However, manufacturing processes are not limited to design alone. Today, alongside CAD software, companies also require CAE solutions for engineering analyses and CAM software for manufacturing preparation and CNC programming. While this enables more comprehensive workflows, it can also introduce additional licensing and maintenance costs.
As the CAD market has grown, the number of alternative software options available to users has increased significantly. This competitive environment provides companies with greater flexibility in choosing solutions that better suit their needs.
In this article, we will examine the capabilities offered by ZW3D, developed by ZWSOFT with an “All-in-One” approach, specifically in sheet metal design processes. To make the evaluation more concrete, we will also include various workflow comparisons with SOLIDWORKS, one of the industry’s popular solutions.
Our goal is not to claim that one software is superior to another; rather, it is to illustrate, through examples, the different approaches and tools that users working with sheet metal design might encounter in their daily workflows.
Comparison of Sheet Metal Commands
If you are using a different CAD program and considering switching to ZW3D, you will be able to find detailed answers to the majority of your questions in this section, at least those focused on Sheet Metal. In order for you to understand what is different in ZW3D Sheet Metal commands, we had to explain by making a comparison with a different CAD program. For this comparison, we used SOLIDWORKS, a software known for its popularity in the market, as a reference. To be able to make a comparison, we objectively examined all the commands in both software and the differences between the commands, and we turned them into a table. Before moving on to the table, I would like to touch upon some fundamental differences.
Sheet Metal
When determining the file type on the ZW3D startup screen, there is a specific option for Sheet Metal design.
If this option is selected, a feature is added to the beginning of the History Manager area where you can specify the properties of the Sheet Metal in detail. This way, you do not have to set parameters for every new sheet metal command. In the opposite case, meaning if you choose the Part type instead of the Sheet Metal file type, an option to control the Attributes is not added to the History area.
In SOLIDWORKS, there is no such distinction on the startup screen. You can only see the properties belonging to the sheet metal when you will create or have created the first sheet metal part.
Understanding Flat Pattern Workflows in ZW3D and SOLIDWORKS
In ZW3D, when you perform the Sheet Metal flattening via the Flatten in the History Manager area or using the Flatten command located in the Sheet Metal Ribbon, it does not change the appearance of the model you designed. Instead, it brings a flattened view to a location of your choice. This view is a graphical component. It does not allow you to perform operations on it.

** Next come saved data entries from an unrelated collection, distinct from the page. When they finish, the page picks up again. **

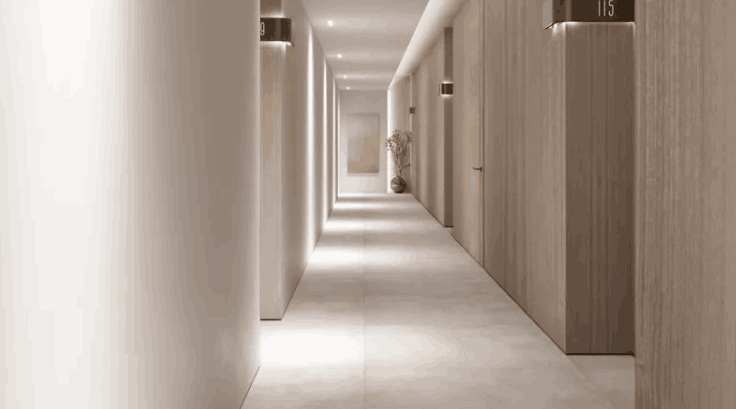 该综合大楼提供各种一室公寓、一居室和两居室公寓。住宅的居住面积从单间公寓的 34 平方米到两居室公寓的 103 平方米不等。每间公寓均配备至少一个阳台和一个内置衣柜或更衣室。一些布局包括额外的设施,如洗衣房、壁橱和宽敞的走廊。室内设计风格优雅、沉稳。
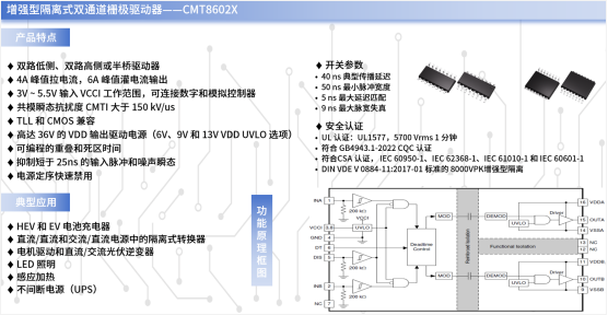 CMT8602X是一系列具备3.75/5.75kVrms隔离耐压、CMTI≥±150kV/μs,拥有4A峰值拉电流和6A峰值灌电流的隔离驱动芯片。
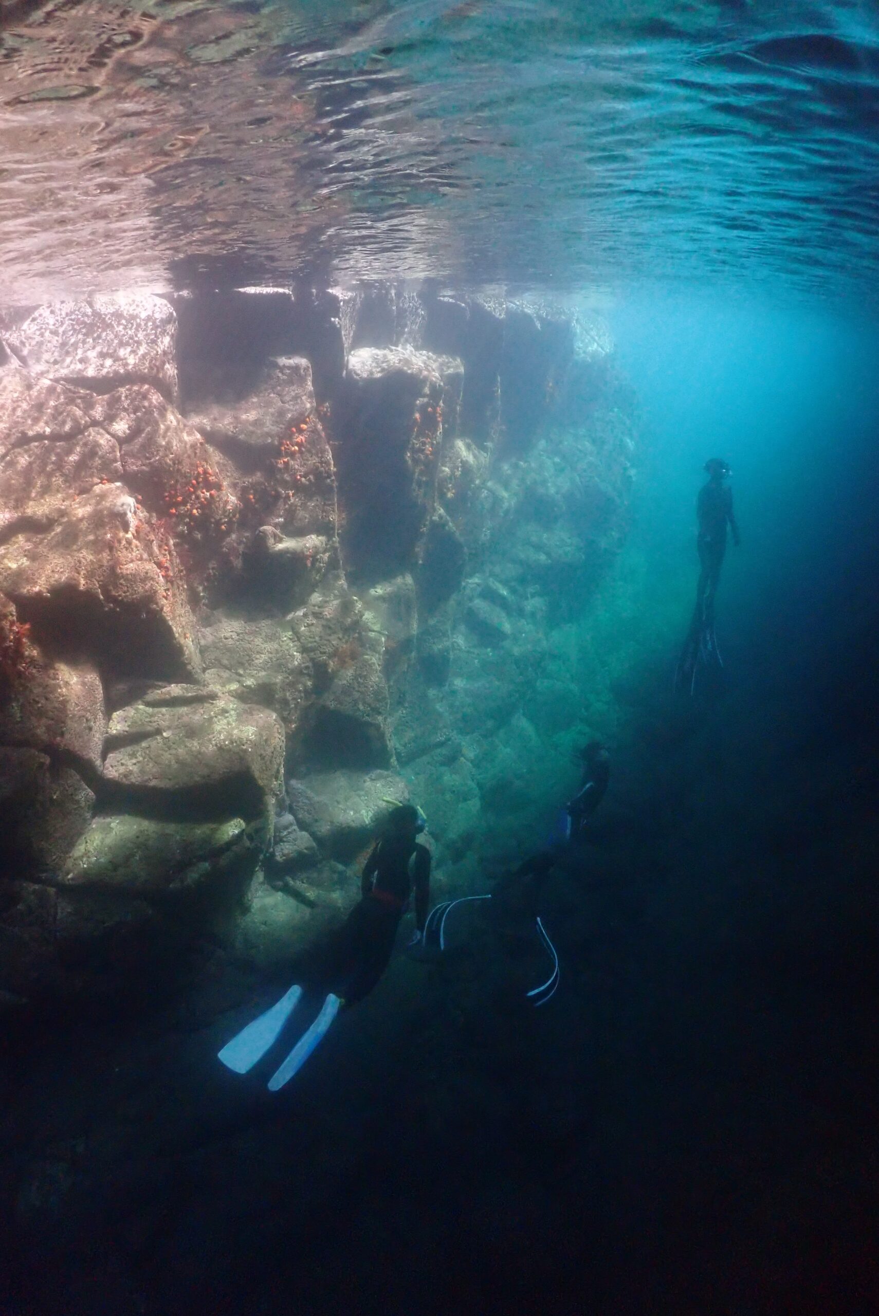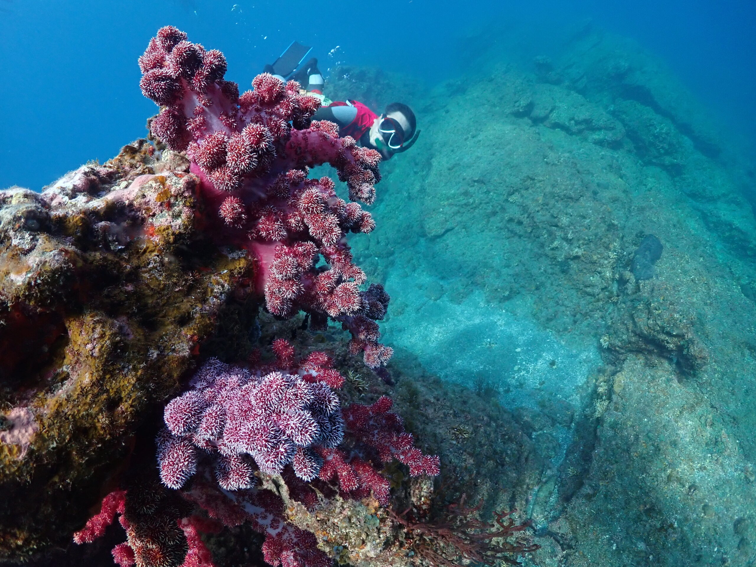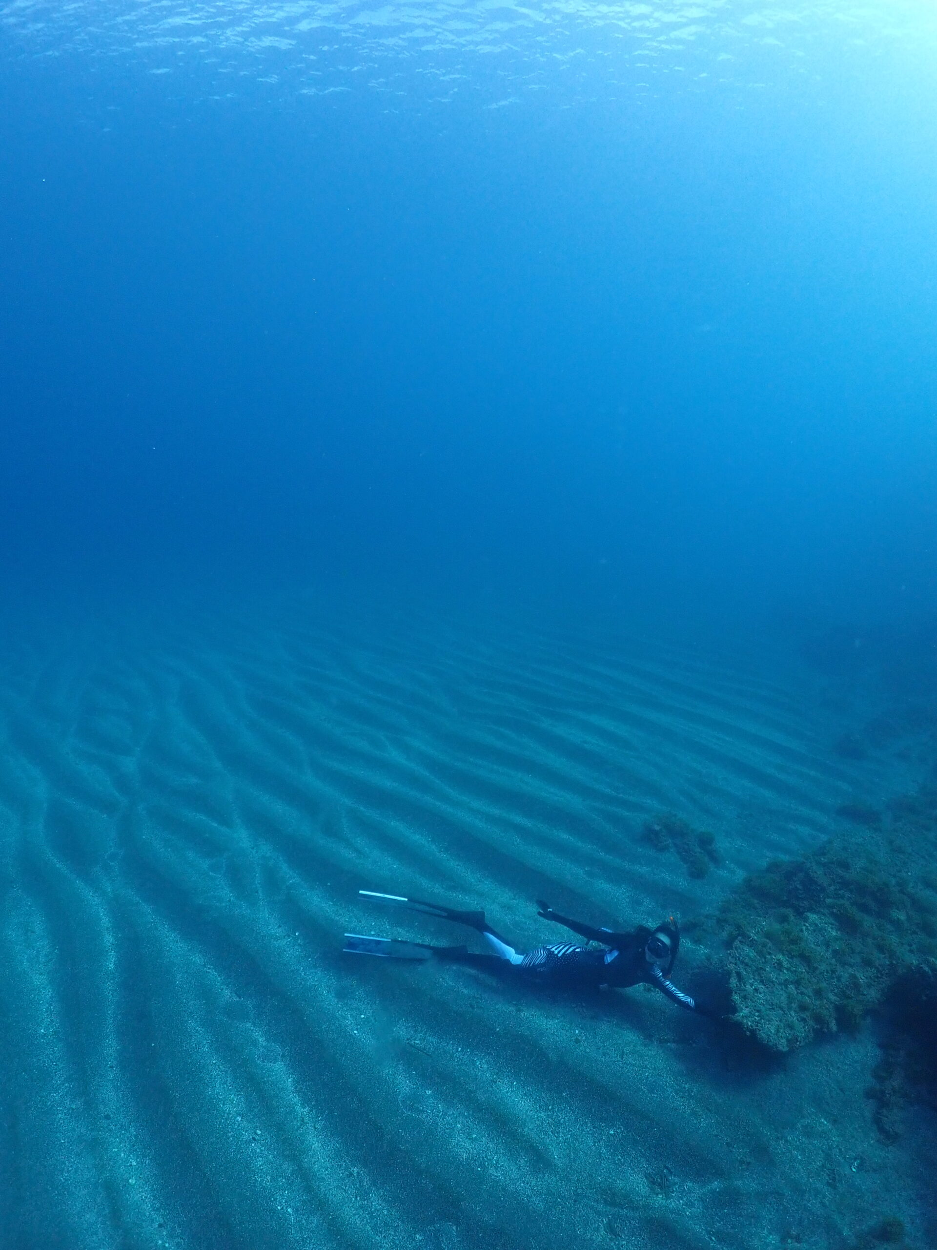 スキンダイビングポイントとしては夏に1か月だけオープンする「谷川浜」水深5~10mほどのポイントはスキンダイビングにちょうどいい遊び場です♪砂地~大きな根まで地形が楽しすぎる!!そしてスタッフお勧めなのは「柱状節理」
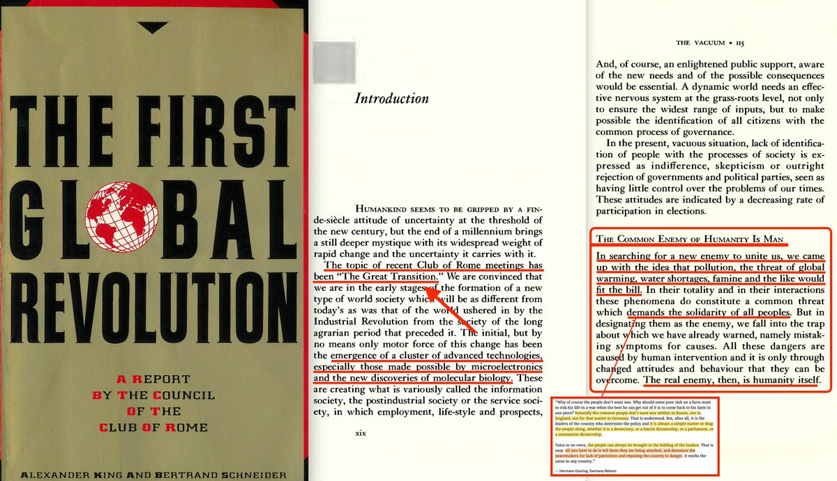 THE ORIGIN OF THE MYTH OF A CLIMATE CRISIS: The Club of Rome: "The First Global Revolution", 1991 " In searching for a common enemy against whom we can unite, **we came up with the idea that pollution, the threat of global warming**, water shortages, famine and the like, would fit the bill. In their totality and their interactions these phenomena do constitute a common threat which must be confronted by everyone together. But in designating these dangers as the enemy, we fall into the trap, which we have already warned readers about, namely mistaking symptoms for causes. All these dangers are caused by human intervention In natural processes. and it is only through changed attitudes and behaviour that they can be overcome. The real enemy then is humanity itself.. It would seem that men and women need a common motivation, namely a common adversary, to organize and act together in the vacuum. Such a motivation seemed to have ceased to exist or have yet to be found. The need for enemies seems to be a common historical factor. Bring the divided nation together to face an outside enemy, either a real one or else one invented for the purpose. Democracy will be made to seem responsible for the lagging economy, the scarcity and uncertainties. The very concept of democracy could then be brought into question and allow for the seizure of power."
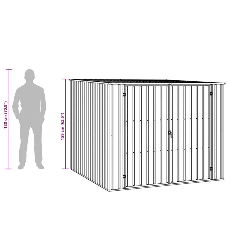 Тази градинска барака е перфектна за съхранение на голямо разнообразие от предмети, като инструменти, градински мебели, градинско оборудване и др. Бараката предлага защита от мръсотия, прах, силен вятър и неблагоприятно време. Градинската барака за съхранение, изработена от поцинкована стомана, изисква минимална поддръжка и е много издръжлива. Двойно отварящите се врати отпред позволяват лесно влизане и излизане. Освен това дъждовната вода автоматично се оттича от покрива, който има наклонен дизайн.
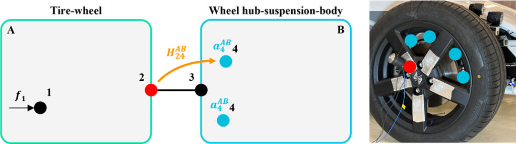 In a second set-up tire-wheel impedance FRFs are measured. Again, Virtual Point Transformation (VPT) is applied.
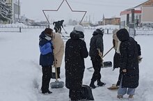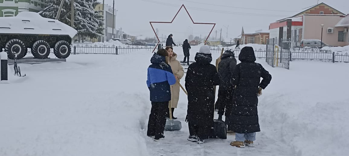 Очистка территории Вечного огня от снега/Мәәгелек ут территориясен кардан чистарту 03.12.2023
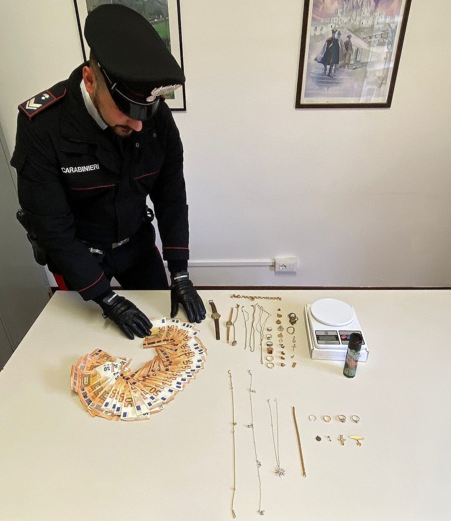 Il controllo è stato poi esteso alla camera d’albergo dei due fermati, dove, nascosti in un trolley, i Carabinieri hanno trovato 2.800 euro in contanti e due involucri con vari gioielli, ritenuti provento dei furti.
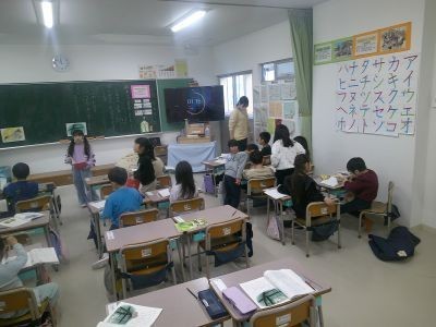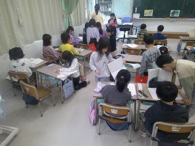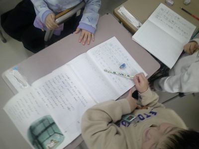1年生が国語で読んでいるのは「たぬきの糸車」というお話。「たぬきが上手な手つきで糸をつむぐことができたのはなぜか」ということについてそれぞれノートに考えを書き、みんなで話し合っていました。たぬきの様子がだんだん浮かび上がってきたようです。

Furthermore, when you activate the Flat Pattern option located inside the Flatten folder which is also in the History, it displays the bend directions, angles, and the bounding box dimensions of the flat pattern on the flattened graphical model.
If you want the sheet metal flattening in ZW3D to occur on the model you designed, you need to use the Unfold command.
In SOLIDWORKS, when we activate the Flat Pattern in the feature tree or select Flatten from the Sheet Metal commands, it creates a flattened view over the existing 3D model. This generated model is not a graphical component. When the flat pattern is obtained, you can see the Bounding Box limits with construction lines. To see the values belonging to the dimensions, you need to look at its Properties by selecting the Sheet Metal feature from the Cut List folder located in the feature tree.
Feature Tree/History Manager
When you create a sketch in SOLIDWORKS and subsequently use it inside a feature, for example in the Extrude command, the feature swallows the sketch, meaning you cannot see the sketch directly in the feature tree. You see it inside the Extrude command.
In ZW3D, there are 2 different options. If you wish, it can perform a behavior similar to SOLIDWORKS, or you can ensure that the sketch is located directly in the tree or history. When you select the sketch command, only the commands belonging to the sketch appear on the ribbon. You need to select the Exit option to confirm the command and see the other commands. When you create a sketch and confirm it, that sketch comes directly to the History area as a feature. Even if you use an extrusion command subsequently, you can see both the feature belonging to the sketch, meaning the node, and the feature that uses that sketch, for example the Extrude Tab.
If you want your sketch to be swallowed by the Feature, you need to create the sketch while inside the Feature.
After processing as shown in the GIF, you need to confirm the Sketch to be able to return from the sketch to the Extrude command. Afterwards, when you confirm the command by making your desired selections within the Extrude command, you can see in the History area that the sketch has been swallowed by the Extrude command.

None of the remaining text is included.